2. An order will not be effective until accepted by an authorized representative at Winston's home office. Unless otherwise specified in writing (a) delivery will be made
F.O.B. Louisville, Kentucky and risk of loss or damage shall pass to Purchaser upon delivery to the carrier, and (b) the method or agency of transportation and routing
will be selected by Winston. Winston reserves the right to ship freight collect.
3. Winston shall not be liable for any delay in performance due to fire, explosion, casualty, strike or other labor difficulties, shortage of utility facility, delay to
transportation, breakdown or accident, compliance with other action to carry out the intent or purpose of any law or regulation, or any cause, whether similar or
dissimilar, beyond Winston’s reasonable control and Winston shall have such additional time for performance as may be reasonably necessary under the circumstances
and the right to apportion its production among its customers in such a manner as it may deem equitable.
4. Purchaser agrees to indemnify and hold Winston harmless from any loss, cost or expense, including cost of defense, and reasonable attorney’s fees, incurred by
Winston, arising from or related to (1) Purchaser’s use or sale of Products, including, but not limited to, Purchaser’s failure to warn Purchaser’s workers and others of
hazards involving the Products; Purchaser’s failure to provide copy of Terms and Conditions at time of sale of Products to others; Purchaser’s failure to instruct
Purchaser’s workers and others in how to safely use the Products in compliance with the Use and Care Manual; and Purchaser’s failure to provide safe working
conditions and proper safety clothing and gear with respect to the Products, and (2) non-compliance with these Terms and Conditions, or both.
5. Purchaser shall pay, in addition to the price hereunder, as a separate item, any taxes which Winston may be required to pay or collect under existing or future laws
with respect to the sale, delivery, transportation, or use of any Product sold hereunder including all taxes, however designated, upon or measured by amounts paid to
Winston by Purchaser hereunder, except net income tax.
6. Products may not be returned by Purchaser except by prior written agreement with Winston.

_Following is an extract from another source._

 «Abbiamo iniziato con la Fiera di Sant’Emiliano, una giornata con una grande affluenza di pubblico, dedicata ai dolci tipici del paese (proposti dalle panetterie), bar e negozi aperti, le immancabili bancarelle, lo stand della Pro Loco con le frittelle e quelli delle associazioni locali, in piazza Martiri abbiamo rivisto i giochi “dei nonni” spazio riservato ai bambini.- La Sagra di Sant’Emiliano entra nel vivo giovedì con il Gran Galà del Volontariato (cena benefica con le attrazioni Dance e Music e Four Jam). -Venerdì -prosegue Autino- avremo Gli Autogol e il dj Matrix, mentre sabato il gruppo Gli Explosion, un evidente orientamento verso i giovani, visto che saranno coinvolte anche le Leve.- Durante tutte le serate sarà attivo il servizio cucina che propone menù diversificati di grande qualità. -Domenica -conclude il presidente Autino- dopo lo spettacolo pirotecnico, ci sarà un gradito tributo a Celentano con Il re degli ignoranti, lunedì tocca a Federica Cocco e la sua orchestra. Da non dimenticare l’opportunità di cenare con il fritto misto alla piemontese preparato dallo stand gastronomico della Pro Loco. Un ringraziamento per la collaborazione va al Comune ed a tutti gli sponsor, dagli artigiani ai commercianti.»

Returns without prior authorization, as indicated by an RA number
applied to the returned packaging, will be refused. All returned Products are subject to inspection by Winston and a 20% restocking charge ($30 minimum), which may
be reduced if replacement Product is ordered, plus any other costs necessary to restore the Products to new condition. The Products must be returned to the Winston
factory freight prepaid, in new condition, and in the original packaging. Winston reserves the sole right to determine the amount of credit to be issued on any Products
returned for credit. Only standard, currently manufactured Winston Products may be considered for return and credit. No returns will be accepted on modified or special
order Products (built to a Purchaser’s specifications), used Products, or on Products older than 90 days from the original date of shipment.

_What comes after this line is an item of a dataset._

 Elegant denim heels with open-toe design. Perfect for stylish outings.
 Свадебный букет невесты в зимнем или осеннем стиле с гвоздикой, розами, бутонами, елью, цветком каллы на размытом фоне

7. Acceptance is expressly limited to the Terms and Conditions set forth herein and any additional or different terms proposed by Purchaser are rejected unless
expressly assented to in writing. In the event during the course of dealing, Winston signs or otherwise accepts any documents or forms submitted by Purchaser
containing any Terms or Conditions contrary to or in addition to those of Winston set forth herein, such documents and forms shall be deemed to have been used for
the mere convenience of Purchaser in the conduct of its internal business affairs and not for the purpose of varying the Terms and Conditions of this order. This order
including these Terms and Conditions shall constitute entirely the Terms and Conditions between the parties with respect to the transaction covered hereby and to all
subsequent transactions for Products obtained from Winston, and no waiver, alteration or modification shall be binding on Winston unless in writing and signed by an
authorized officer of Winston at its home office.

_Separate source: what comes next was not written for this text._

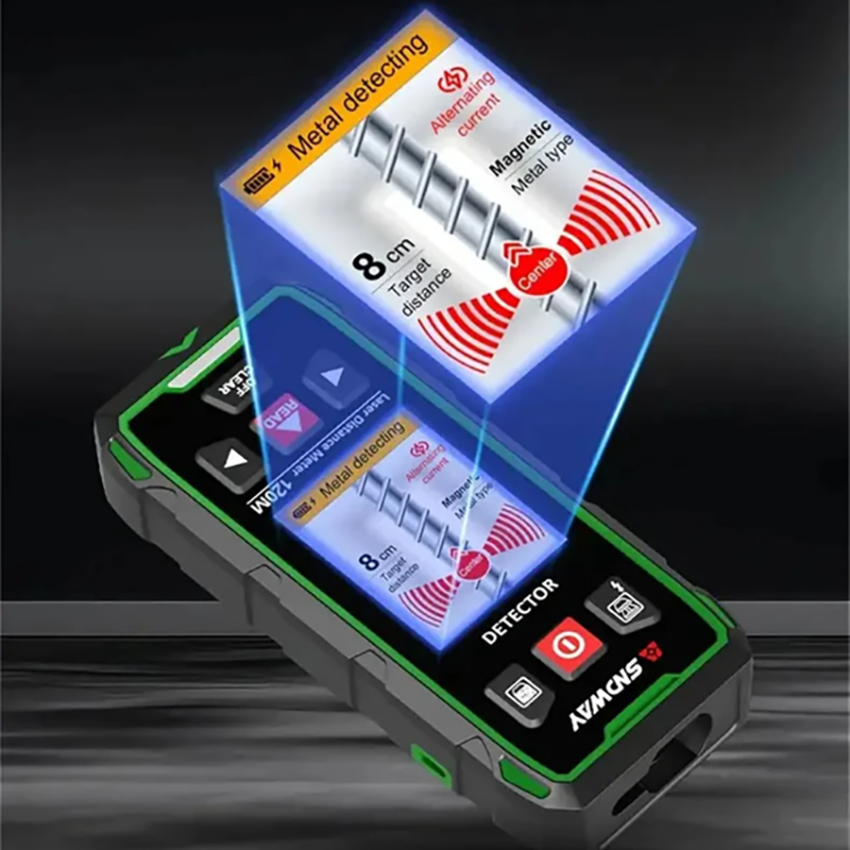 SNDWAY SW-6100GT multi ölçüm cihazı, 120 m’ye kadar uzaklıklarda ±2 mm hassasiyetle ölçüm yapabilen gelişmiş bir lazermetredir ve 2,4″ renkli ekranı ile mesafe, alan, hacim ve Pisagor hesaplamalarını hızlı ve net şekilde gösterir. Ayrıca entegre duvar içi tarama dedektörü sayesinde ahşap, metal ve elektrik kablolarını duvar içinde tespit ederek hem ölçüm hem de yapı içi malzeme bulma ihtiyaçlarını tek cihazda toplar.

8. Purchaser's sole warranty is the Zero Accident Program (ZAP) Warranty Agreement on products manufactured by Winston in effect at the time of the sale. OTHER
THAN THE ZAP WARRANTY AGREEMENT, WINSTON MAKES NO WARRANTY OF ANY KIND WHATSOEVER, EXPRESS OR IMPLIED, CONCERNING THE
PRODUCTS. WINSTON EXPRESSLY EXCLUDES ALL IMPLIED WARRANTIES OF MERCHANTABILITY OR FITNESS FOR A PARTICULAR PURPOSE. THE TOTAL
LIABILITY OF WINSTON WITH RESPECT TO ANY PRODUCT SHALL IN NO EVENT EXCEED THE PURCHASE PRICE THEREOF, AND LABOR TO REPLACE.
WINSTON SHALL IN NO EVENT BE LIABLE TO PURCHASER OR OTHERS FOR ANY DIRECT, INDIRECT, SPECIAL, INCIDENTAL, OR CONSEQUENTIAL
DAMAGES OR LOSS OF PROFITS RESULTING FROM ANY CAUSE WHATSOEVER, INCLUDING, BUT NOT LIMITED TO, DEFECTIVE WORKMANSHIP,
MATERIALS OR ANY ERROR OR OMISSION OF WINSTON.
9. Winston shall not be liable for claims of patent infringement against Purchaser or Purchaser's loss of the right to use the Product.
10. ARBITRATION: Any controversy or claim arising out of or relating to this Order, or the breach thereof, shall be settled by binding arbitration in accordance with the
Commercial Arbitration Rules of the American Arbitration Association, except that any arbitration hearing shall be held in Louisville, Kentucky. Judgment upon the award
rendered by the arbitrator(s) may be entered in any court having jurisdiction thereof. Any application for review of an arbitration award shall be allowed only to the extent
required by Kentucky law and shall be brought in an appropriate court in the Thirteenth Judicial Circuit or District of Kentucky, or in the United States District Court for
the Western District of Kentucky.
11. GOVERNING LAW: This Order and the rights, duties and legal relations of the parties, and any arbitration are governed by and construed under Kentucky laws.
12. The products sold hereunder are produced in compliance with the Fair Labor Standards Act.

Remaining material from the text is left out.